Although the present disclosure has been described with reference to example implementations, workers skilled in the art will recognize that changes may be made in form and detail without departing from the spirit and scope of the claimed subject matter. It is contemplated that one or more features of one or more of the example ball bats described above can be utilized with any of the other examples of ball bats described above. For example, although different example implementations may have been described as including features providing one or more benefits, it is contemplated that the described features may be interchanged with one another or alternatively be combined with one another in the described example implementations or in other alternative implementations. Because the technology of the present disclosure is relatively complex, not all changes in the technology are foreseeable. The present disclosure described with reference to the example implementations and set forth in the following claims is manifestly intended to be as broad as possible. For example, unless specifically otherwise noted, the claims reciting a single particular element also encompass a plurality of such particular elements. The terms “first”, “second”, “third” and so on in the claims merely distinguish different elements and, unless otherwise stated, are not to be specifically associated with a particular order or particular numbering of elements in the disclosure. Accordingly, it will be intended to include all such alternatives, modifications and variations set forth within the spirit and scope of the appended claims. Further, some well-known structures or functions may not be shown or described in detail because such structures or functions would be known to one skilled in the art. Unless a term is specifically and overtly defined in this specification, the terminology used in the present specification is intended to be interpreted in its broadest reasonable manner, even though may be used conjunction with the description of certain specific embodiments of the present invention
Claims
1. A ball bat extending along a longitudinal axis and configured for impacting a ball, the bat comprising:
- a barrel portion formed of a fiber composite material from a single molding cycle as a one-piece structure and including a proximal region having a continuous integral single wall construction, a central region and a distal region, the central region including at least first and second central region walls longitudinally extending from the proximal region, and the distal region including first and second distal region walls longitudinally extending from the central region, the first central region wall and the first distal region wall, but not the proximal region, forming a first inner barrel wall, the second central region wall and the second distal region wall forming an outer barrel wall, the first inner barrel wall and the outer barrel wall being spaced apart by a first separation, the first separation being unfilled and longitudinally extending over the entire length of the first distal region wall and at least a portion of the length of the central region, the first separation having a radial dimension between the first inner barrel wall and the outer barrel wall within the range of 0.010 to 0.150 inch, the proximal region being formed from the continuous integral single wall construction does not include a separation, and the first separation not extending to the proximal region;
- an end cap coupled to the distal region of the barrel portion; and
- a handle portion connected to the proximal region of the barrel portion.

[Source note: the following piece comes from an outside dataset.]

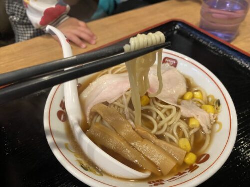 あっさりはその名の通りあっさりベースのスープに麺の味が引き立つ、大人だったら飲みの後にも〆ですいすい食べたいラーメン。子どもの評判は…
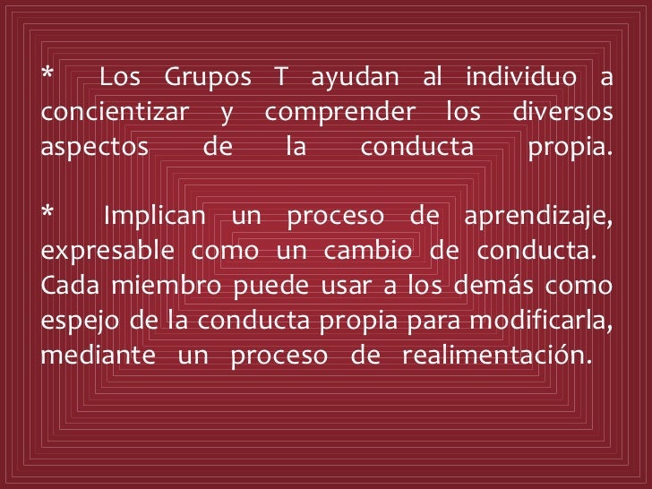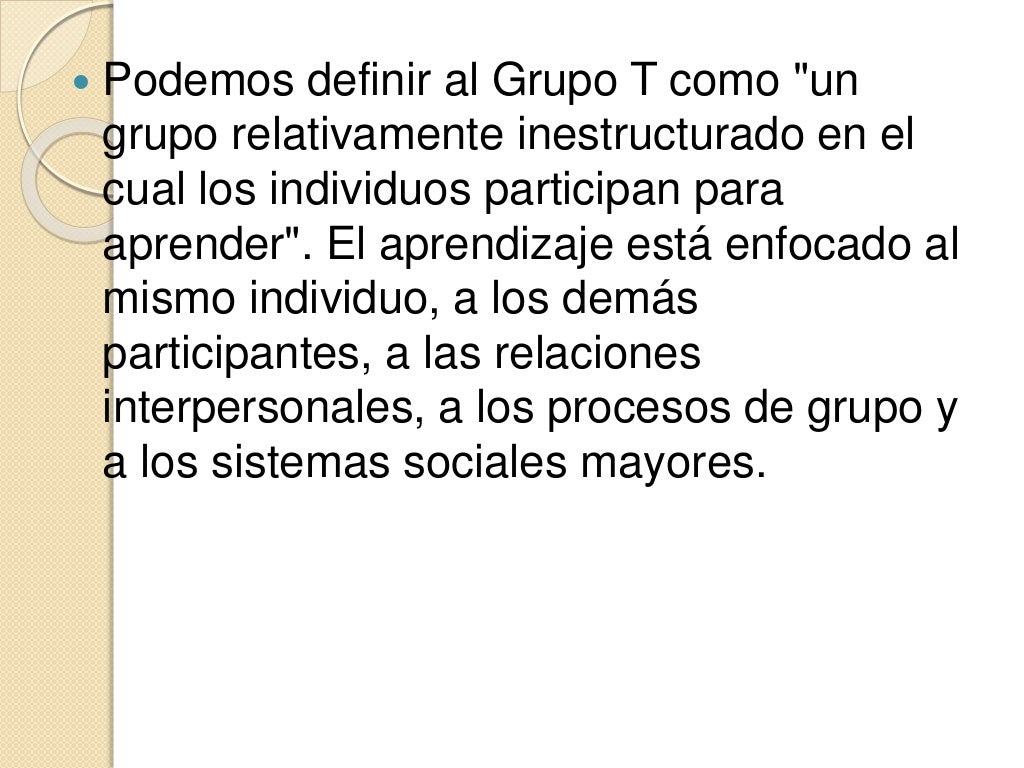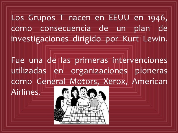 QUE SON LOS GRUPOS T? Se conoce como una de las raíces entrenamiento de laboratorio de sensibilización, con grupos esencialmente reducidos y no estructurados, en los cuales cada uno de los participantes aprenden de sus propias interacciones y de la dinámica en evolución del grupo se empezó a desarrollar desde 1946.

2. The ball bat of claim 1, wherein the proximal region is formed of a plurality of composite fiber ply arrangements, and wherein the proximal region is formed without a release layer and without a separation between the plurality of fiber ply arrangements.

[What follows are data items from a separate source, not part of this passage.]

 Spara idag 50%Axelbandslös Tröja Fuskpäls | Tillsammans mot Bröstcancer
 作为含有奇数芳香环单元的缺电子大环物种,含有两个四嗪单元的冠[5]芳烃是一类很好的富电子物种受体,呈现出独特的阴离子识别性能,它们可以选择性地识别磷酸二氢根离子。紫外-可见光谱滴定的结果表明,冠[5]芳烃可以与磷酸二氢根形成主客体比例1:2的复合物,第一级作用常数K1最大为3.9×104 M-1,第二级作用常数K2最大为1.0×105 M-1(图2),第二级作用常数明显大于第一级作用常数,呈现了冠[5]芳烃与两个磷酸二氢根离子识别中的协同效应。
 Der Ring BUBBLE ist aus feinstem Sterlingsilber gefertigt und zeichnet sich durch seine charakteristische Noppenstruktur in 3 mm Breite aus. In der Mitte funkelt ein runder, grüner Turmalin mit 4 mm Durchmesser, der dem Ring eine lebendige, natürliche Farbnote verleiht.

3. The ball bat of claim 1, wherein the first separation is substantially uniform along the length of the first separation.
4. The ball bat of claim 1, wherein the first separation has a radial dimension between the first inner barrel wall and the outer barrel wall within the range of 0.030 to 0.110 inch.
5. The ball bat of claim 1, wherein the first inner barrel wall does not contact the end cap for a free end boundary condition.
6. The ball bat of claim 5, wherein the first inner barrel wall is cantilevered from the proximal region.
7. The ball bat of claim 1, wherein the first inner barrel wall engages the end cap.
8. The ball bat of claim 1, wherein the first inner barrel wall and the outer barrel wall each have a wall thickness measured radially from the longitudinal axis within the range of 0.030 to 0.200 inch.
9. The ball bat of claim 8, wherein the first inner barrel wall and the outer barrel wall each have a wall thickness of within the range of 0.040 to 0.130 inch.
10. The ball bat of claim 8, wherein each of the first inner barrel wall and the outer barrel wall is formed of a plurality of ply arrangements numbering within the range of 3 to 48.
11. The ball bat of claim 1, wherein the proximal region, the first inner barrel wall and the outer barrel wall are a single unitary body.
12. The ball bat of claim 1, wherein the length of the first inner barrel wall is 0.2 inch to 4 inches less than the length of the outer barrel wall.
13. The ball bat of claim 12, wherein the length of the first inner barrel wall is 0.2 to 1.0 inch less than the length of the outer barrel wall.
14. The ball bat of claim 1, wherein the barrel portion has a barrel portion length extending from a distal end of the barrel portion to a proximal end of the barrel portion, wherein the barrel portion defines a first separation length extending from a distal end of the first inner barrel wall toward the proximal end of the barrel portion, and wherein the first separation length extends over at least 40 percent of the barrel portion length.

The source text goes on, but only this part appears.